Variety reports La Favorite is not a Netflix original that Netflix is co-financing. After a 15-month domestic theatrical window, the streamer has granted Netflix France a license to broadcast the Johnny Depp film.
Netflix is not supporting Johnny Depp’s return to acting after his defamation trial against Amber Heard. Netflix is not providing “financial backing” for the French film “La Favorite,” which stars Johnny Depp, according to a person close to the streaming behemoth who spoke to Variety. The film has a 15-month theatrical window in France, but Netflix has a permission to broadcast it there only after that window has expired. Not a Netflix (The Vampire Diaries Season 9) original, the movie.
Depp’s upcoming feature La Favorite will be his first since playing photojournalist Eugene Smith in the 2020 film Minamata, which was filmed in 2019 but only recently made its international debut. According to Bloomberg, Depp will make his French acting debut in La Favorite, which will be filmed in and around Paris this summer, opposite Le Besco as Madame du Barry.

Johnny Depp filed a defamation lawsuit against Heard over a 2018 Washington Post op-ed in which the Aquaman star discussed her experience as “a public figure representing domestic abuse” without specifically mentioning Depp. On June 1, a jury found in Depp’s favor in the case of Depp v. Heard, giving him $10 million in compensatory damages and $5 million in punitive damages (later lowered to Virginia’s statutory maximum of $350,000). A $2 million defamation verdict against Depp was also reached by the jury on a single count.
Johnny Depp addressed the “Hollywood boycott of me” in an August 2021 interview with The Sunday Times after losing a libel case against The Sun over the tabloid’s portrayal of him as a “wife-beater” who had battered Heard. Depp’s remarks come months after his departure from the Fantastic Beasts television series, a Harry Potter spinoff produced by Warner Bros., where he played the evil wizard Gellert Grindelwald.
In recent weeks, Depp’s lawyers denied “made up” allegations that Disney (Moon Knight Season 2) was prepared to pay the Pirates actor $301 million to reprise his iconic role as Captain Jack Sparrow in the series. Depp has made smaller films including The Professor (2018), City of Lies (2018), and Waiting for the Barbarians (2018) since his final roles as Sparrow in 2017’s Pirates of the Caribbean: Dead Men Tell No Tales and as Grindelwald in 2018’s Fantastic Beasts: The Crimes of Grindelwald (2019).
In “La Favorite,” Depp will play Louis XV of France. The movie, which Variety revealed earlier this year is filming this summer for three months at locations including the Versailles Palace, is directed by “Mon Roi” filmmaker Maiwenn. In the film, Maiwenn also has a leading role as Jeanne du Barry, a countess who served as Louis XV’s final mistress.
Pascal Caucheteux and Gregoire Sorlat’s Why Not Productions (“A Prophet”), based in Paris, are in charge of producing the endeavor. World sales are handled by Wild Bunch International (“Titane”). Depp’s upcoming performance in “La Favorite” will be his first significant one since Andrew Levitas’ “Minamata” in 2020, a movie about W. Eugene Smith, a war photographer.
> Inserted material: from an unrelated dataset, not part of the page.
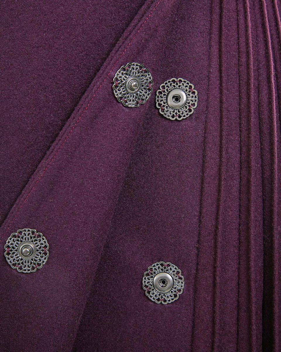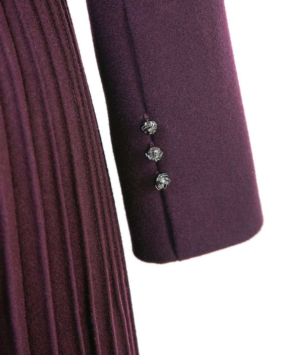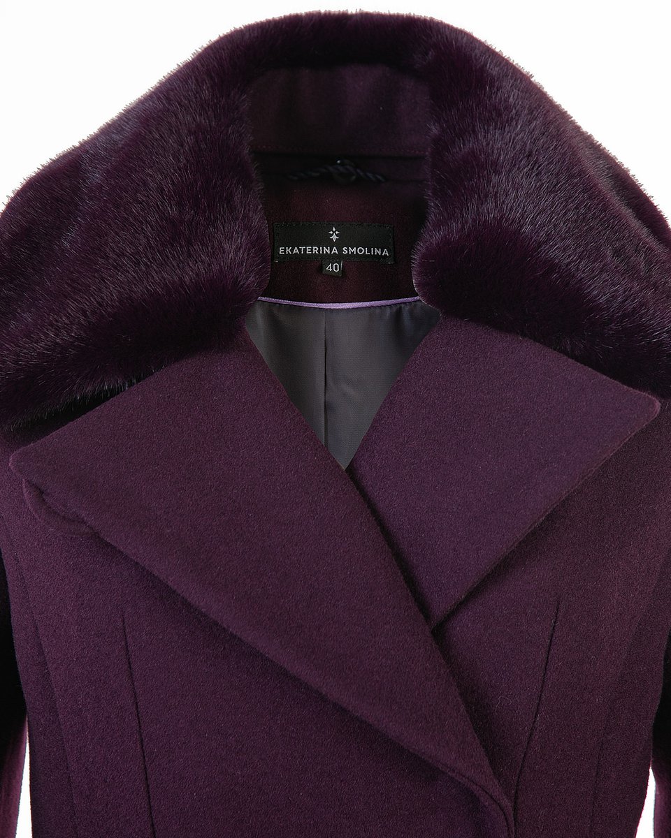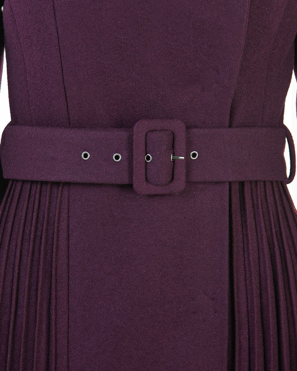 Бестселлер линии “Пальто как платье” длины макси цвета темный пурпур. Пальто из плотного драпа со скульптурным кроем, что делает посадку изящной и утонченной. Пальто с английским воротником, лацканы которого можно застегнуть на пуговицу, плотно закрыв грудь. Отложная часть воротничка из съемного эко-меха под норку в тон. Юбка-гофре длины макси, где каждая складка прострочена по краю, что делает юбку более струящейся, структурной и долговечной. Строчка закрепляет складку, не давая ей распрямиться со временем. В комплекте к пальто идет широкий текстильный ремень с обтяжной пряжкой в тон, который акцентирует талию. Сезонность: осень, зима.

On June 1, Depp prevailed in his defamation action against Heard. The “Aquaman” actor was found guilty of defaming Depp when she made references to her prior allegations of domestic abuse in a 2018 Washington Post op-ed, and she is now required to pay $10.35 million in damages to Depp ($10 million in compensatory damages and $350,000 in punitive damages), according to the jury’s verdict.
Regardless of the outcome, Depp wrote in a statement after the verdict, “The purpose of bringing this action was to uncover the truth from the very beginning.” “I owed it to my children and to everyone who has continued to stand by me unwaveringly to speak the truth. Now that I have finally succeeded, I feel at ease.”